Il più antico cranio di Homo erectus
Nel 2015 Jesse Martin e Angeline Leece, due studenti australiani impegnati nella ricerca di fossili nella miniera di Drimolen, vicino a Johannesburg, in Sudafrica, trovarono i resti di un cranio. Inizialmente pensarono fosse appartenuto a un babbuino: in realtà sono i più antichi resti di un cranio di Homo erectus, una specie umana vissuta tra 2 milioni e 108mila anni fa, la prima a diffondersi dall’Africa all’Asia. I resti in questione, descritti in un articolo pubblicato su Science, risalgono proprio a 2 milioni di anni fa. Il loro ritrovamento è importante perché questo genere di scoperte archeologiche aiuta gli scienziati a migliorare l’albero dell’evoluzione delle specie umane, dunque dei nostri antenati.
DNA di dinosauro?
Non pensate subito a Jurassic Park, perché de-estinguere una specie animale è ancora una prospettiva lontana dalla realtà, fantascientifica nel caso dei dinosauri. Ma studiando dei fossili ben conservati risalenti a 70 milioni di anni fa, un gruppo di scienziati è riuscito a individuare forme che potrebbero essere cromosomi e nuclei cellulari in alcuni resti di Hypacrosaurus stebingeri, una specie di dinosauri. Non è stato possibile estrarre DNA dal fossile, ma lo studio è comunque rilevante perché dimostra come anche certe strutture biologiche piccolissime possono conservarsi nel processo di fossilizzazione.

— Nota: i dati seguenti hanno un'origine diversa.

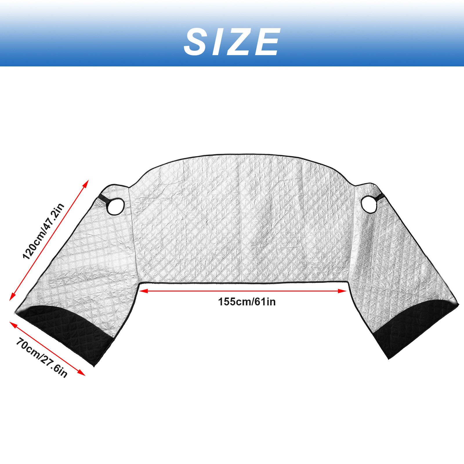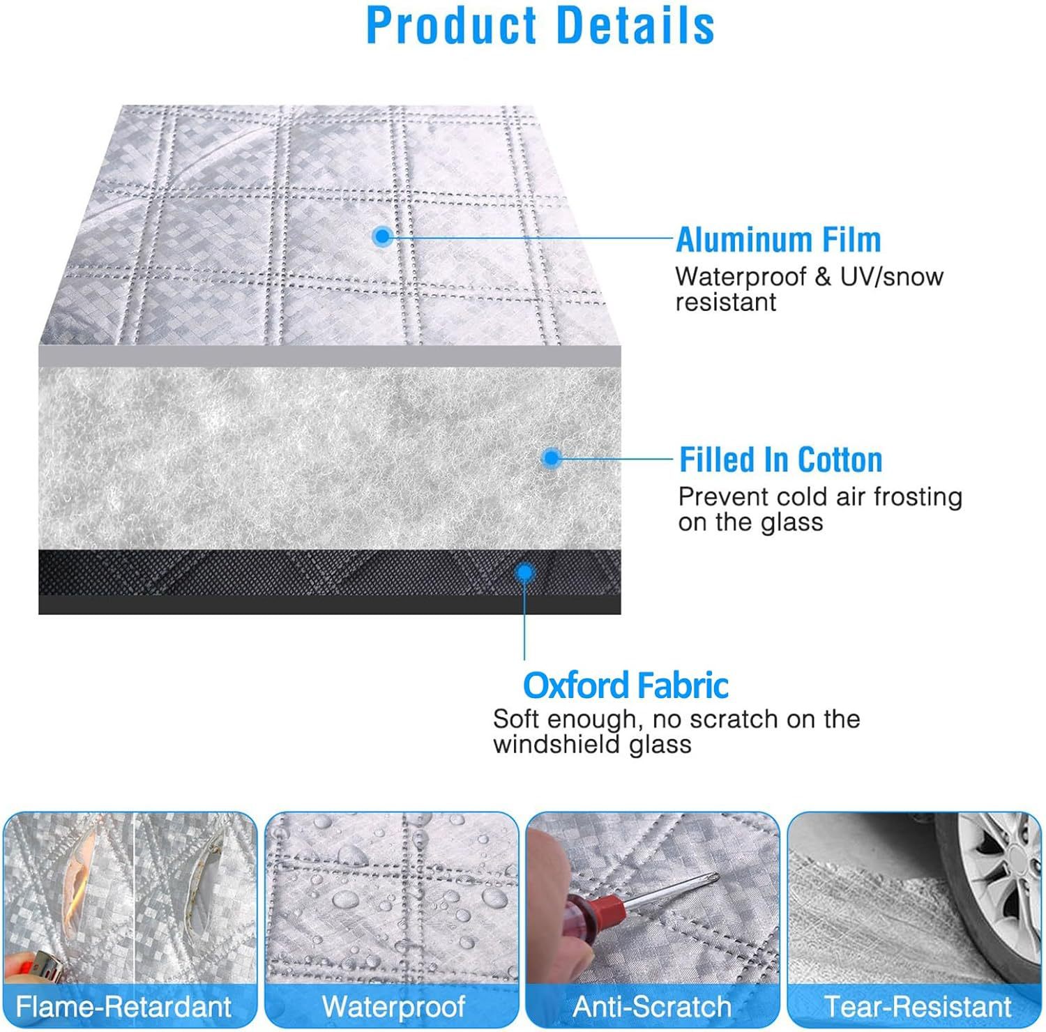 • 优质材质:由pe铝膜和棉+无纺布制成,防水、防污。很好地保护您的汽车挡风玻璃免受阳光、雪、霜、灰尘、划痕、污垢等的影响

Forse siamo arrivati nelle Americhe prima di quanto pensassimo
La datazione di alcuni manufatti di pietra trovati in un sito archeologico in Messico – come punte di lancia e rocce scheggiate – suggerisce che già 30mila anni fa ci fossero degli umani nel continente americano: lo ha spiegato un articolo pubblicato su Nature quest’estate. Finora abbiamo avuto la certezza che la prima presenza umana nelle Americhe risalisse almeno a 13.500 anni fa. Le prove dello studio di Nature che suggeriscono diversamente comunque non sono ancora considerate definitive dalla comunità scientifica. Se fossero stati trovati resti umani nel sito archeologico in questione, databili a quell’epoca, ci sarebbero stati meno dubbi.
A remarkable paper in @nature by @CFArdelean and coworkers presents evidence of human occupation at Chiquihuite Cave in northern Mexico, "possibly as early as 33,000–31,000 years ago". First peoples 15,000 years older than thought? https://t.co/0KoZBqYumo pic.twitter.com/tj3jICJLgh
— John Hawks (@johnhawks) July 22, 2020
Una barriera corallina più alta dell’Empire State Building
Una spedizione dello Schmidt Ocean Institute, un ente di ricerca che si occupa di oceanografia, dedicata allo studio della Grande barriera corallina, a nord-est dell’Australia, ha trovato una formazione di corallo, simile a una torre, alta circa 500 metri. Di strutture simili se ne conoscevano solo altre sette.